TASK PROMPT:
Exclude the images, then return every line below exactly as written.

SUPPLIED MATERIAL:
#####

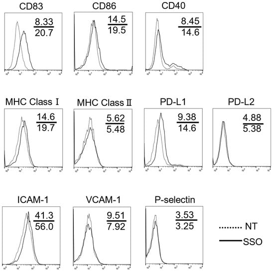 To confirm the effect of the selective inhibition of CD36 on the surface antigen expression changes of OSCCs, we compared the expression level of various T cell costimulatory and adhesion molecules on OSCCs with or without SSO treatment. As shown in Figure 2, the OSCCs treated with SSO showed increased levels of costimulatory molecules, including CD83, MHC class I, and PD-L1, compared to non-treated cells. Conversely, there were no changes in the expression levels of CD86, CD40, MHC-class II, orPD-L2 molecules.
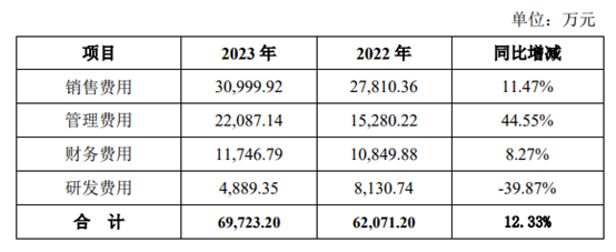 2023年,皇氏集团的销售费用约为3.1亿元,同比增长11.47%;管理费用约为2.21亿元,同比增长44.55%;财务费用约为1.17亿元,同比增长8.27%;研发费用约为4889.35万元,同比下滑39.87%。
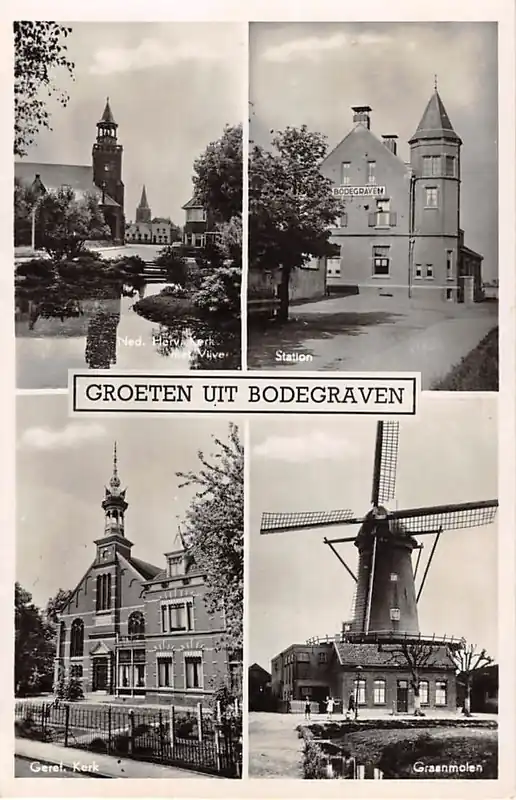 Uitg. Domburg’s Boekhandel, Bodegraven. Gelopen ansichtkaart met postzegel en stempel 1952.
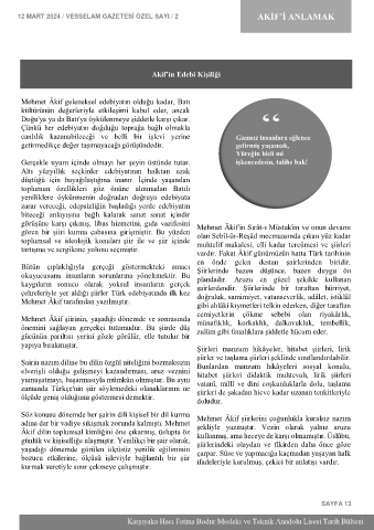 12 MART 2024 / VESSELAM GAZETESİ ÖZEL SAYI / 2 AKİF’İ ANLAMAK

#####

TASK OUTPUT:
 To confirm the effect of the selective inhibition of CD36 on the surface antigen expression changes of OSCCs, we compared the expression level of various T cell costimulatory and adhesion molecules on OSCCs with or without SSO treatment. As shown in Figure 2, the OSCCs treated with SSO showed increased levels of costimulatory molecules, including CD83, MHC class I, and PD-L1, compared to non-treated cells. Conversely, there were no changes in the expression levels of CD86, CD40, MHC-class II, orPD-L2 molecules.
 2023年,皇氏集团的销售费用约为3.1亿元,同比增长11.47%;管理费用约为2.21亿元,同比增长44.55%;财务费用约为1.17亿元,同比增长8.27%;研发费用约为4889.35万元,同比下滑39.87%。
 Uitg. Domburg’s Boekhandel, Bodegraven. Gelopen ansichtkaart met postzegel en stempel 1952.
 12 MART 2024 / VESSELAM GAZETESİ ÖZEL SAYI / 2 AKİF’İ ANLAMAK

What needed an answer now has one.